**Supplied records**:
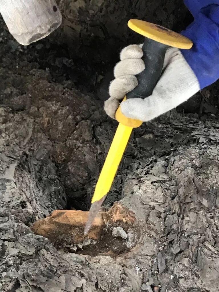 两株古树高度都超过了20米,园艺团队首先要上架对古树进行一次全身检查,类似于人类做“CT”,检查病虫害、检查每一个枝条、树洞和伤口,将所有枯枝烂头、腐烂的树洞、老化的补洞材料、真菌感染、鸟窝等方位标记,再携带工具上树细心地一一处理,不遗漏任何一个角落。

* * *

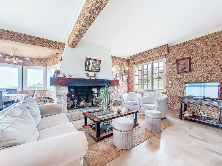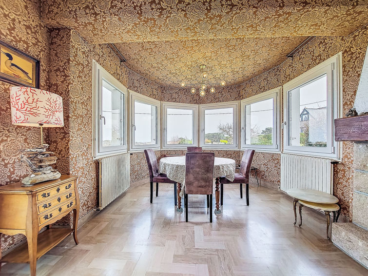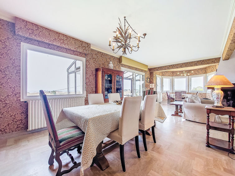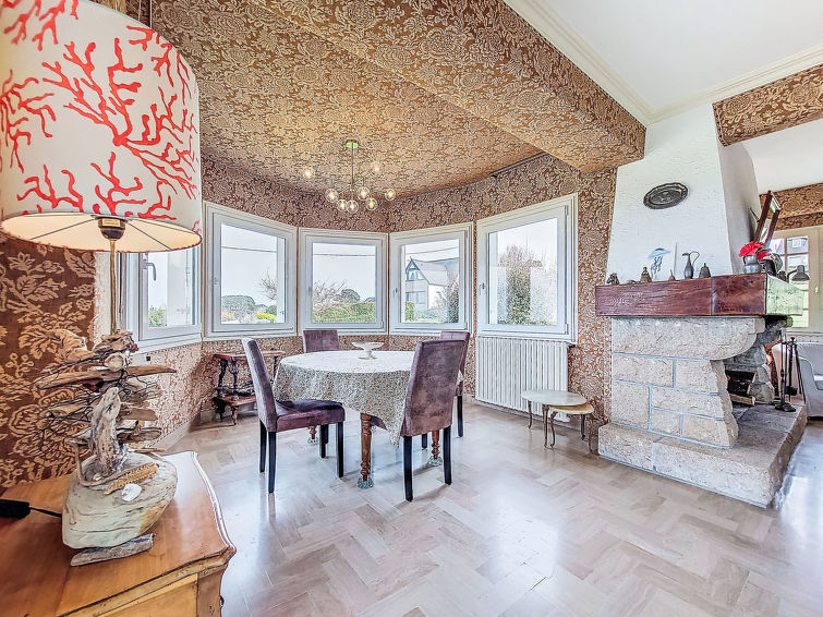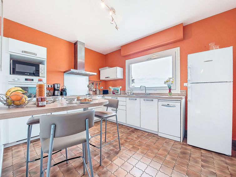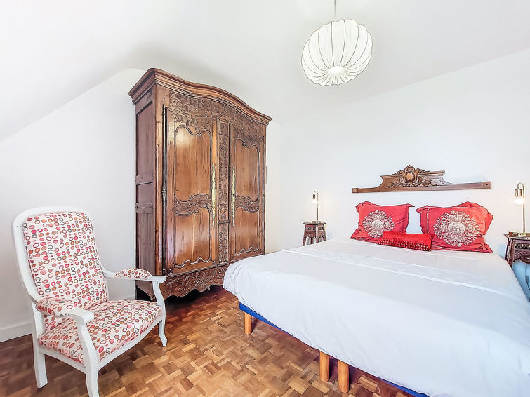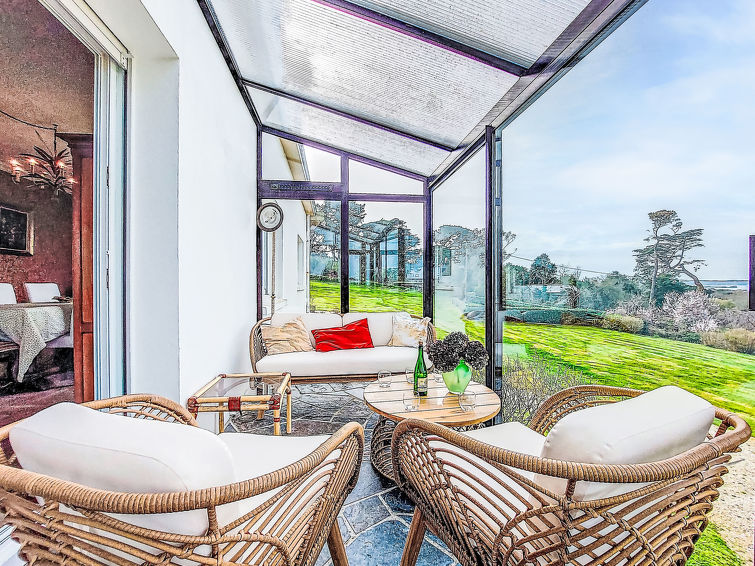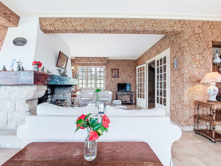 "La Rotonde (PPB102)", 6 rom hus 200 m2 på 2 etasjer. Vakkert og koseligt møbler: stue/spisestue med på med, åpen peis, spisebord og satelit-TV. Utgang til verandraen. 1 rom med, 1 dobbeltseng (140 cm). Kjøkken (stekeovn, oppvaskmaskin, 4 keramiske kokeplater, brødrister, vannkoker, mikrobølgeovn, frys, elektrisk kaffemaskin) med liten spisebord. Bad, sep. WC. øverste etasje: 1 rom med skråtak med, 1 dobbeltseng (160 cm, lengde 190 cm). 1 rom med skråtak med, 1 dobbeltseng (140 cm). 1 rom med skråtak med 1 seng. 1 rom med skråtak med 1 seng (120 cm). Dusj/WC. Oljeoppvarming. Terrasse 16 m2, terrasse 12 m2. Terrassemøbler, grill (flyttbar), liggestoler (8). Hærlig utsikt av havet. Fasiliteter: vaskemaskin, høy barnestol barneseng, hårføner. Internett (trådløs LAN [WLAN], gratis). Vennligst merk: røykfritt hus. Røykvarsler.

* * *

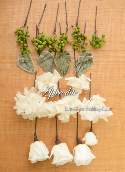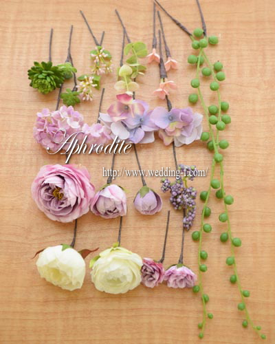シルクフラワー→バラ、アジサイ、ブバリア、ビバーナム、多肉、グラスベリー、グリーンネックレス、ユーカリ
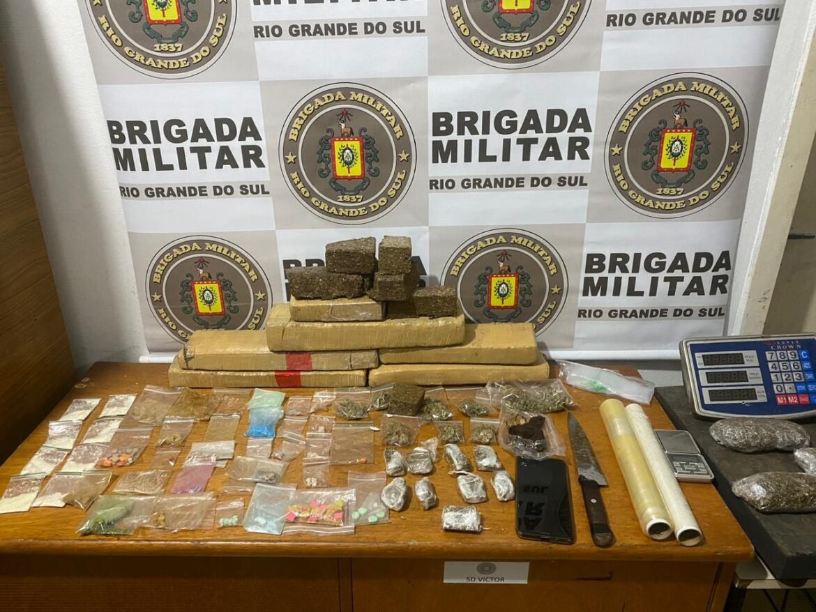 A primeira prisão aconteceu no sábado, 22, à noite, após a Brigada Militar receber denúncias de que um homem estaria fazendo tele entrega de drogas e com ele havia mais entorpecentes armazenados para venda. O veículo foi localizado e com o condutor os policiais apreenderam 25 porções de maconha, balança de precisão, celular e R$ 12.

**Exercise description**: Take the material above from the line containing "シルクフラワー→バラ、アジサ" up to and including the line containing "A primeira prisão" and retype it exactly, without any pictures.

**Solved problem**:
シルクフラワー→バラ、アジサイ、ブバリア、ビバーナム、多肉、グラスベリー、グリーンネックレス、ユーカリ
 A primeira prisão aconteceu no sábado, 22, à noite, após a Brigada Militar receber denúncias de que um homem estaria fazendo tele entrega de drogas e com ele havia mais entorpecentes armazenados para venda. O veículo foi localizado e com o condutor os policiais apreenderam 25 porções de maconha, balança de precisão, celular e R$ 12.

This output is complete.